▼
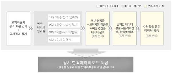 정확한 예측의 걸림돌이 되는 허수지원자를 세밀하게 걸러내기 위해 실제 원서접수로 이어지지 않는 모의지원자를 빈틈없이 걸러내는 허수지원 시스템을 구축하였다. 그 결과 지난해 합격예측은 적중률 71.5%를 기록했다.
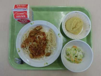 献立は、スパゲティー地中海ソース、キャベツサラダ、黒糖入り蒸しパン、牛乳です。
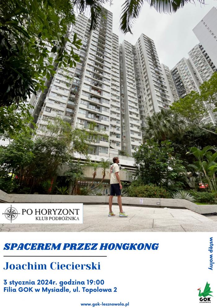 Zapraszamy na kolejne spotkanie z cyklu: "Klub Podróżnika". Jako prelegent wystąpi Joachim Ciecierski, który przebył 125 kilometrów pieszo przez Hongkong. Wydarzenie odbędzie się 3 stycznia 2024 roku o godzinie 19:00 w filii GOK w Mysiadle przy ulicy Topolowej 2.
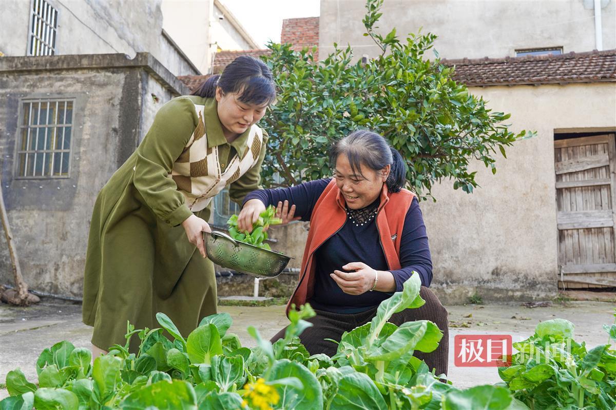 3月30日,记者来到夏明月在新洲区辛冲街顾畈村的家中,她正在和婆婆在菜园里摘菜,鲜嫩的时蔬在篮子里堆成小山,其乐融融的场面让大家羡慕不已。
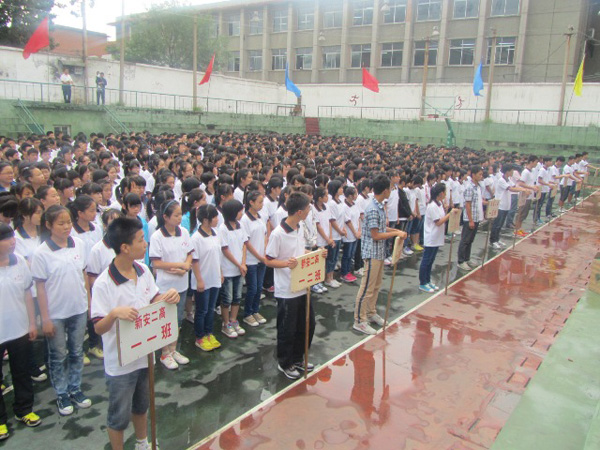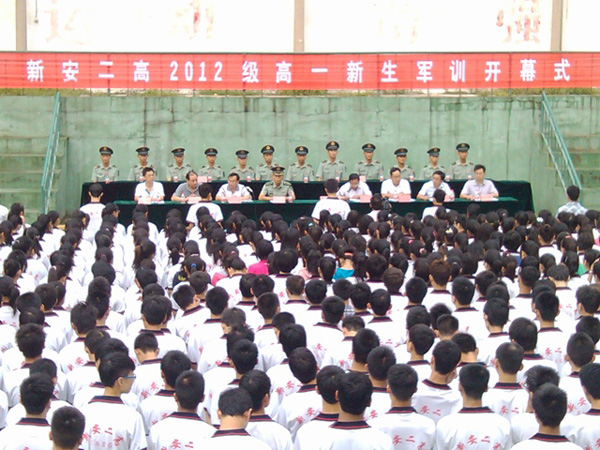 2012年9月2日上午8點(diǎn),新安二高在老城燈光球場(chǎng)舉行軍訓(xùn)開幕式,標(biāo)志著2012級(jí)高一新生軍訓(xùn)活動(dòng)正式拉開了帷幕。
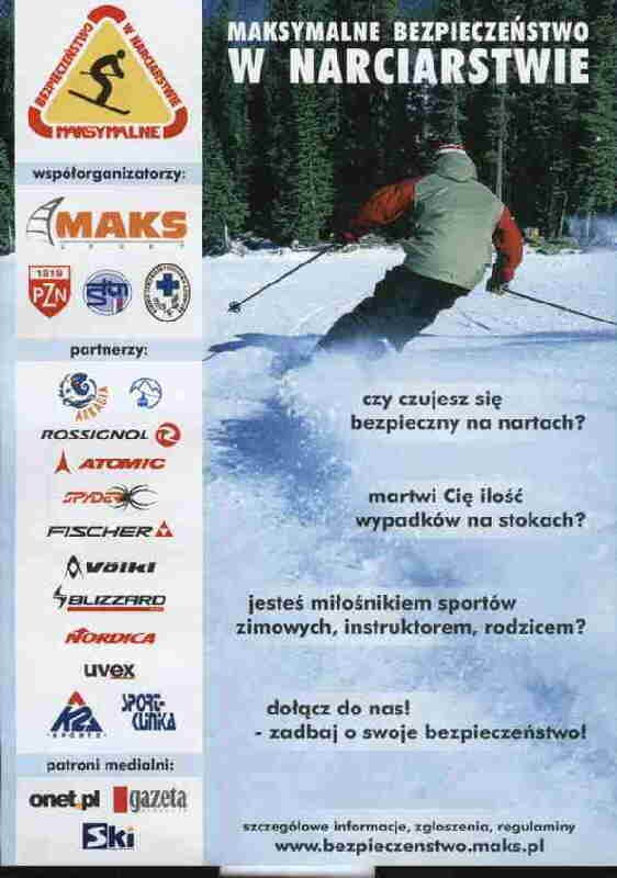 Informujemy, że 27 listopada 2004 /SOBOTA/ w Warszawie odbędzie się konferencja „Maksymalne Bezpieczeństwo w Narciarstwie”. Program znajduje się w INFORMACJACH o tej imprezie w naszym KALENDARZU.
▲
[Required work]: Copy exactly the lines of the listing above between the one holding "献立は、スパゲティー地中海ソース、キャベツサラダ、黒糖入り蒸しパン、牛乳です。" and the one holding "3月30日,记者来到夏明月在", inclusive; omit all pictures.

[Result below]:
 献立は、スパゲティー地中海ソース、キャベツサラダ、黒糖入り蒸しパン、牛乳です。
 Zapraszamy na kolejne spotkanie z cyklu: "Klub Podróżnika". Jako prelegent wystąpi Joachim Ciecierski, który przebył 125 kilometrów pieszo przez Hongkong. Wydarzenie odbędzie się 3 stycznia 2024 roku o godzinie 19:00 w filii GOK w Mysiadle przy ulicy Topolowej 2.
 3月30日,记者来到夏明月在新洲区辛冲街顾畈村的家中,她正在和婆婆在菜园里摘菜,鲜嫩的时蔬在篮子里堆成小山,其乐融融的场面让大家羡慕不已。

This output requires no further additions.